JasonWhat is the Taylor series for ln(x+2) about x = 0?

[zzmanzz]

Homework Statement

Using power series, expand ln(x + 2) about a = 0 (Taylor series)

Homework Equations

The Attempt at a Solution

Is this appropriate?

ln(x+2) = ln((x+1)+1)

x' = x+1

ln(x'+1) = \sum_{n=0}^{\inf} \frac{(-1)^n}{n+1}(x')^{n+1}

or

ln(x+2) = ln(\frac{x}{2}+1)

x' = \frac{1}{2}x

ln(x'+1) = \sum_{n=0}^{\inf} \frac{(-1)^n}{n+1}(x')^{n+1}

 

[vanhees71]

Well, you rather have
\ln(2+x)=\ln[2(1+x/2)].
You can, however still use your trick with this correction made!

 

[zzmanzz]

So would your formula then be:

ln2 + ln(1+(x/2)) = ln2 + \sum_{n=0}^{\inf} \frac{(-1)^n}{n+1}(x/2)^{n+1}

or

ln(2(x/2+1)) = 2*\sum_{n=0}^{\inf} \frac{(-1)^n}{n+1}(x/2)^{n+1}

 

[vanhees71]

This you should be able to answer yourself by giving the reasoning behind each of the two claims you made. Of course only one of them can be right!

 

[zzmanzz]

I believe that the first one is right because

ln(AB) = lnA + lnB

A = 2, B = (1+x/2)

 

[Chestermiller]

I think you want to do the expansion around x = -1, so that a = 0.

So, the first few terms are: ln(x+2) = 0 + (x-1)f'(-1)+...=(x-1)+...

 

[vanhees71]

It was asked to do the expansion around 0, and of course the first equation is correct, i.e.,
\ln(x+2)=\ln 2 + \ln(1+(x/2)) = \ln 2 + \sum_{n=0}^{\infty} \frac{(-1)^n}{n+1}(x/2)^{n+1}.
Finally you should think about the domain, where the series is convergent!

 

[Ray Vickson]

Homework Statement

Using power series, expand ln(x + 2) about a = 0 (Taylor series)

Homework Equations

The Attempt at a Solution

Is this appropriate?

ln(x+2) = ln((x+1)+1)

x' = x+1

ln(x'+1) = \sum_{n=0}^{\inf} \frac{(-1)^n}{n+1}(x')^{n+1}

or

ln(x+2) = ln(\frac{x}{2}+1)

x' = \frac{1}{2}x

ln(x'+1) = \sum_{n=0}^{\inf} \frac{(-1)^n}{n+1}(x')^{n+1}

Why not just use the Maclaurin series formula
f(x) = f(0) + f'(0)\,x + f''(0)\, \frac{x^2}{2!} + \cdots \:\:?
It is really very simple to use in this case.

 

[zzmanzz]

Yes, that's what I had in mind. For the x terms in your expansion. Can I do:
f(x) = f(0) + f'(0)(\frac{x}{2}) + f''(0)\frac{1}{2!}(\frac{x}{2})^2 + ...

 

[Ray Vickson]

Yes, that's what I had in mind. For the x terms in your expansion. Can I do:
f(x) = f(0) + f'(0)(\frac{x}{2}) + f''(0)\frac{1}{2!}(\frac{x}{2})^2 + ...

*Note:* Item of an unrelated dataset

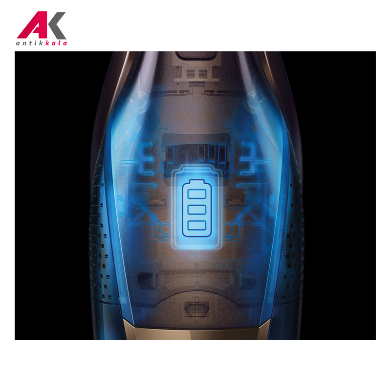 جاروشارژی آاگ مدل AEG CX7-2-35O، دو کاربرده است که هم به صورت دستی و هم به صورت ایستاده و بدون نیاز به نگهدارنده کاربرد دارد. این ویژگی خاص، باعث میشود دسته به راحتی از بدنه اصلی جدا شود و به این ترتیب، انعطافپذیری دستگاه افزایش مییابد و امکان استفاده از این مدل در سطوح مختلف با قدرت مکش 17.5 وات فراهم میشود. نوع طراحی ارگونومیک نازل، به گونهای است که برس آن با زاویه 180 درجه طراحی شده و میتواند در تمام جهات بچرخد و به راحتی در اطراف پایههای میز و صندلی جابهجا شود و به این صورت میتوانید راحتتر، با زحمت کمتر و سرعت بالاتری، نظافت محیط را تا حداکثر 2.92 کیلومتر انجام دهید و به دلیل وجود فن موتور قدرتمند، تجربهای عالی برای شما ایجاد میکند. این مدل، در سرعت نرمال به میزان 35 دقیقه و در سرعت بالا 13 دقیقه فعالیت میکند و میزان صدایی که در حین کار از این مدل تولید میشود، 79 دسیبل است. باتری این نوع جاروشارژی، از نوع لیتیوم-یون با ولتاژ 18 ولت است، باتری این دستگاه، به مدت 4 ساعت به طور کامل شارژ شده و به مدت 35 دقیقه شارژدهی دارد، تعداد چراغهای ال ای دی ميزان شارژ را نشان خواهد داد و از این طریق، شما از کم بودن و یا کامل بودن شارژ آگاه میشوید. برای داشتن عمکلرد بهتر باتری،CX7 را پيش از اولين استفاده 24 ساعت شارژ کنيد. جاروشارژی آاگ مدل AEG CX7-2-35O، با داشتن نازل مخصوص، قابلیت تمیز کردن مکانهای باریک را دارد. بهعلاوه؛ از طریق نور LED موجود در جلوی نازل (برس) آن، ریزترین زبالهها، در معرض دید قرار میگیرد و برای مشاهده مکانهای تاریک مانند زیر میز نیز کاربرد دارد و زمانیکه موها و کرکها از بین نمیروند با توجه به دارا بودن سیستم BRUSHROLLCLEAN، میتوانید با فشار دادن پدال و نگهداشتن آن به مدت 5 ثانیه، کرکها را از بین ببرید و اگر احتمالا درون برس، مو و کرک باقی مانده باشد، این فرآیند را مجددا تکرار کنید تا کاملا مو و کرک حذف شود، به علاوه؛ وجود فن موتور قدرتمند، قدرت تمیزکنندگی دستگاه را افزایش میدهد. این مدل، مجهز به مخزن 500 میلیلیتر است و میتوانید فیلتر دوگانه را از محفظه جدا کرده و محتویات آن را تخلیه کنید، فیلتر این جارو هم مانند بسیاری از مدلهای دیگر قابل شستوشو است.

Your could write that, but you would be WRONG. The Correct form of the expansion is exactly as I wrote it. Your series above is for f(x/2), not for f(x).

 

[zzmanzz]

ok I think I get it now.

I use your mclaurin series to expand the formula..

Then based on the series outcome, we build the sum. So the following sum is still correct:

ln2 + \sum_{n=0}^{\inf} \frac{(-1)^n}{n+1}(x/2)^{n+1}

 

[Chestermiller]

It was asked to do the expansion around 0

Is that what it means when it says "expand ln(x + 2) about a = 0?" I'm not familiar with this type of terminology. What the heck is "a"?

Chet

 

[Ray Vickson]

Is that what it means when it says "expand ln(x + 2) about a = 0?" I'm not familiar with this type of terminology. What the heck is "a"?

Chet

My guess would be that it was a typo, and should have said "...about x = 0".